> Task prompt: Repeat the records below verbatim, and do not copy their pictures.

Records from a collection
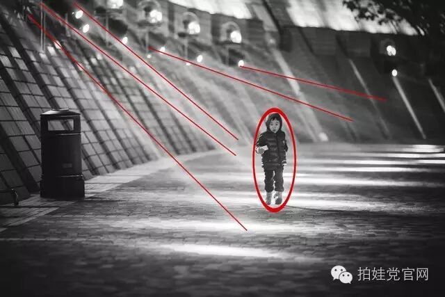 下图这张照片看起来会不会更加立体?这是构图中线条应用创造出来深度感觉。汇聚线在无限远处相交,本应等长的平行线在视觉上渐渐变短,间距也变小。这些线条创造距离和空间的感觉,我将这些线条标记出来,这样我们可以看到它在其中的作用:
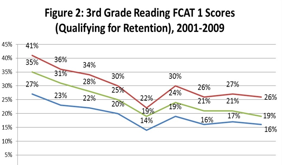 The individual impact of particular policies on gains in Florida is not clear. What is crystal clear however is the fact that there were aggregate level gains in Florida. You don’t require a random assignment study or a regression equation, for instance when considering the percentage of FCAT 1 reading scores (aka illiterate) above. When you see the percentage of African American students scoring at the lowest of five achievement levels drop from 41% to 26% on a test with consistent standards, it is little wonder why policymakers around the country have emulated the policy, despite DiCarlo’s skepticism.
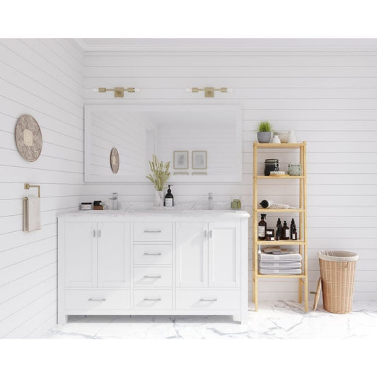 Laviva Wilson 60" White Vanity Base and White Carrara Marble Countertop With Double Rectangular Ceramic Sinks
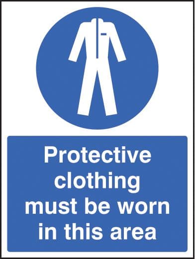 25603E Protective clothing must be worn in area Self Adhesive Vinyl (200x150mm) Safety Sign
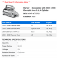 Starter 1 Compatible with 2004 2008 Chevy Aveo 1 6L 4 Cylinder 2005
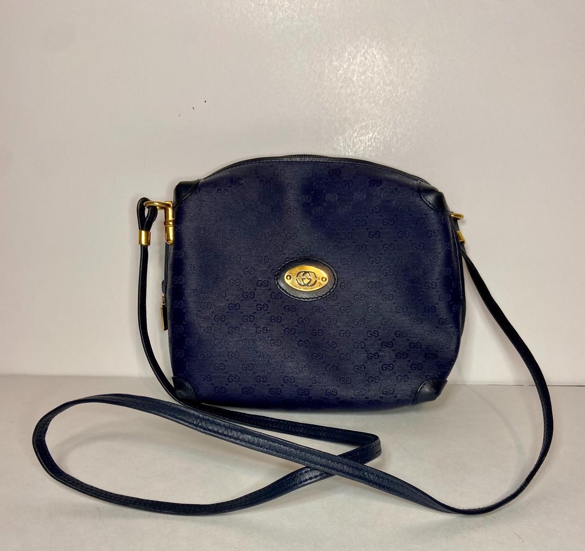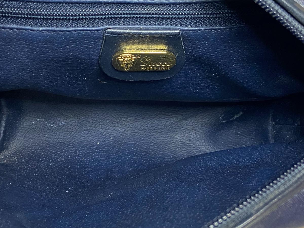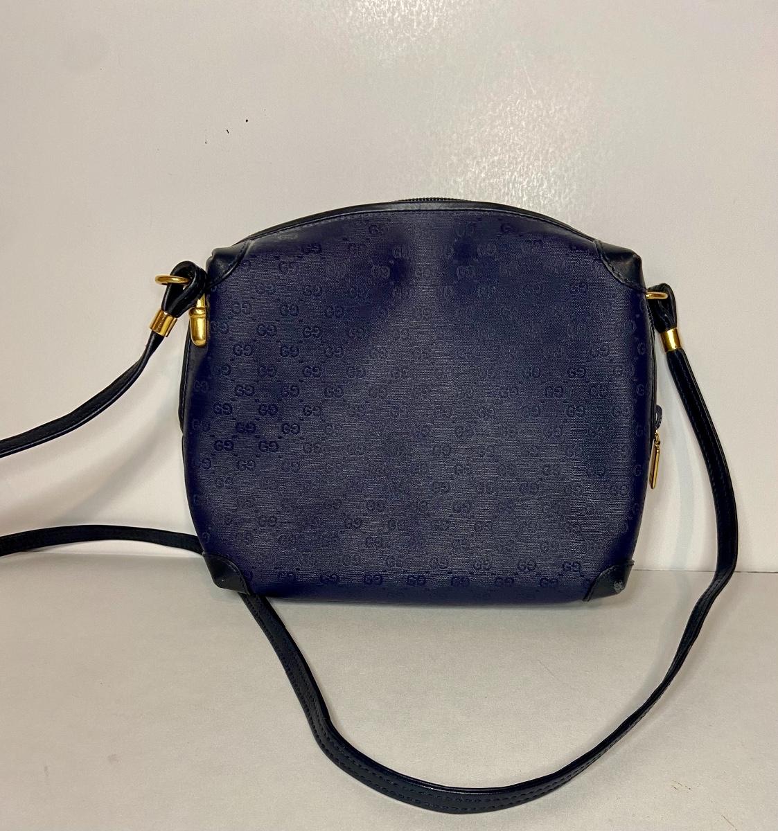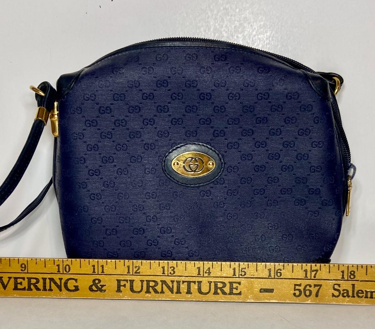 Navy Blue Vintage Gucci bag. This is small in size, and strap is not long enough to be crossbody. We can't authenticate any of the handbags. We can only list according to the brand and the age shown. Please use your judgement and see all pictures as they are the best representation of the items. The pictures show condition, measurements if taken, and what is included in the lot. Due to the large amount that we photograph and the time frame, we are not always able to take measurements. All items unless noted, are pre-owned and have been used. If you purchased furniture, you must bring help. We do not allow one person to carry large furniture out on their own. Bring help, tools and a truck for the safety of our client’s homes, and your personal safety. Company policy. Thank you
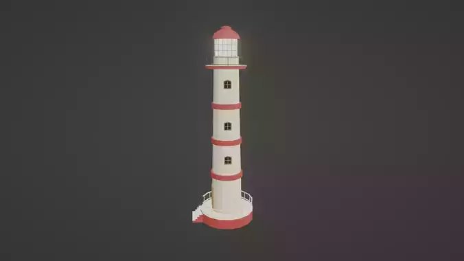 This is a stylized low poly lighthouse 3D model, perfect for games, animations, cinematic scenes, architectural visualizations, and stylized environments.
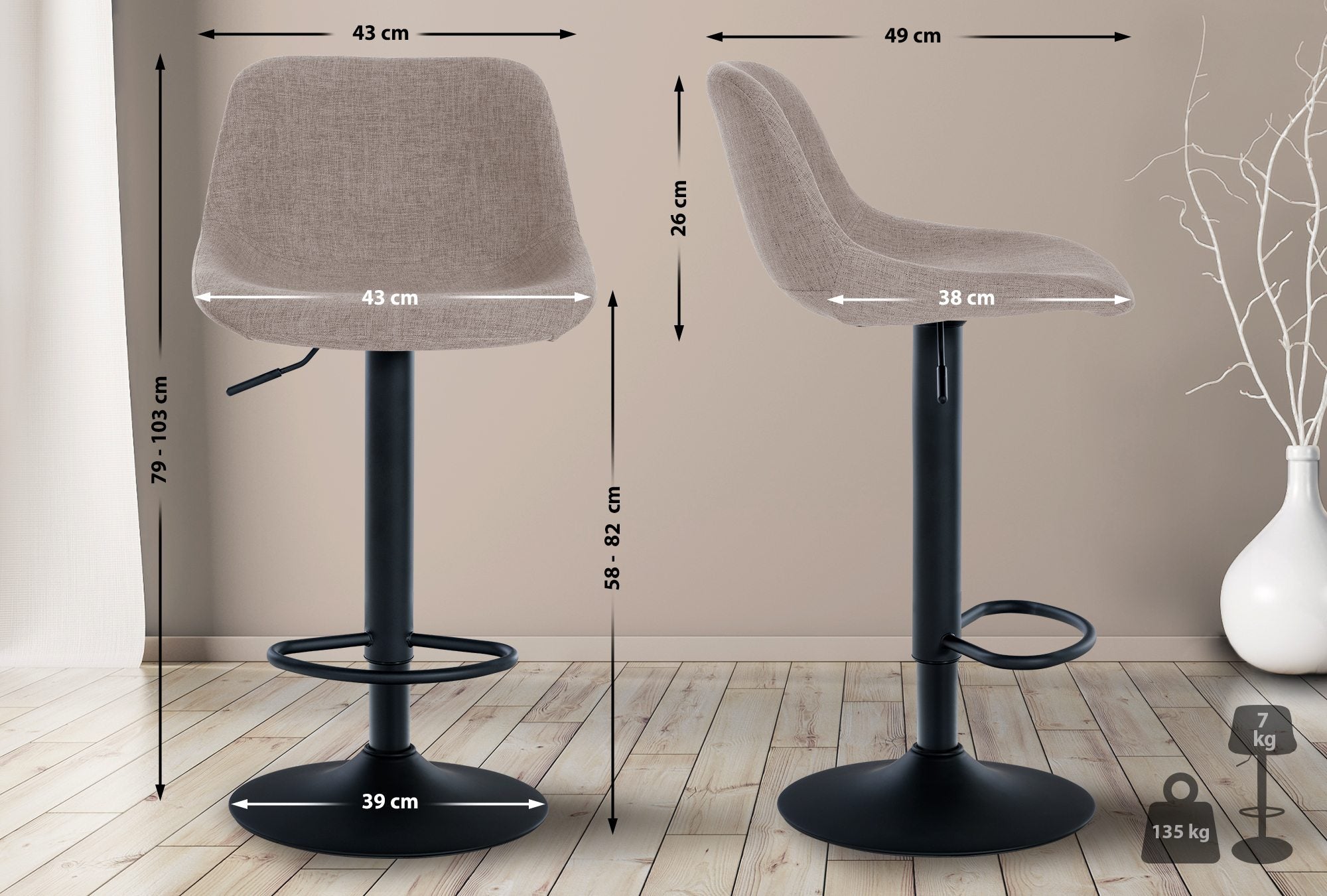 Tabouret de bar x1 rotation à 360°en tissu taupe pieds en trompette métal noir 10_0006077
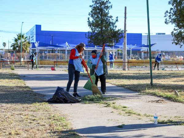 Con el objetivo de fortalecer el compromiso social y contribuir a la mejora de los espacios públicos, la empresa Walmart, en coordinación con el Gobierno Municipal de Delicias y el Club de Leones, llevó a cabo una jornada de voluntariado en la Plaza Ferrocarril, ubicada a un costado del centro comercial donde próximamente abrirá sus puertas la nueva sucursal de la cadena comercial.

> Solution below:
 下图这张照片看起来会不会更加立体?这是构图中线条应用创造出来深度感觉。汇聚线在无限远处相交,本应等长的平行线在视觉上渐渐变短,间距也变小。这些线条创造距离和空间的感觉,我将这些线条标记出来,这样我们可以看到它在其中的作用:
 The individual impact of particular policies on gains in Florida is not clear. What is crystal clear however is the fact that there were aggregate level gains in Florida. You don’t require a random assignment study or a regression equation, for instance when considering the percentage of FCAT 1 reading scores (aka illiterate) above. When you see the percentage of African American students scoring at the lowest of five achievement levels drop from 41% to 26% on a test with consistent standards, it is little wonder why policymakers around the country have emulated the policy, despite DiCarlo’s skepticism.
 Laviva Wilson 60" White Vanity Base and White Carrara Marble Countertop With Double Rectangular Ceramic Sinks
 25603E Protective clothing must be worn in area Self Adhesive Vinyl (200x150mm) Safety Sign
 Starter 1 Compatible with 2004 2008 Chevy Aveo 1 6L 4 Cylinder 2005
 Navy Blue Vintage Gucci bag. This is small in size, and strap is not long enough to be crossbody. We can't authenticate any of the handbags. We can only list according to the brand and the age shown. Please use your judgement and see all pictures as they are the best representation of the items. The pictures show condition, measurements if taken, and what is included in the lot. Due to the large amount that we photograph and the time frame, we are not always able to take measurements. All items unless noted, are pre-owned and have been used. If you purchased furniture, you must bring help. We do not allow one person to carry large furniture out on their own. Bring help, tools and a truck for the safety of our client’s homes, and your personal safety. Company policy. Thank you
 This is a stylized low poly lighthouse 3D model, perfect for games, animations, cinematic scenes, architectural visualizations, and stylized environments.
 Tabouret de bar x1 rotation à 360°en tissu taupe pieds en trompette métal noir 10_0006077
 Con el objetivo de fortalecer el compromiso social y contribuir a la mejora de los espacios públicos, la empresa Walmart, en coordinación con el Gobierno Municipal de Delicias y el Club de Leones, llevó a cabo una jornada de voluntariado en la Plaza Ferrocarril, ubicada a un costado del centro comercial donde próximamente abrirá sus puertas la nueva sucursal de la cadena comercial.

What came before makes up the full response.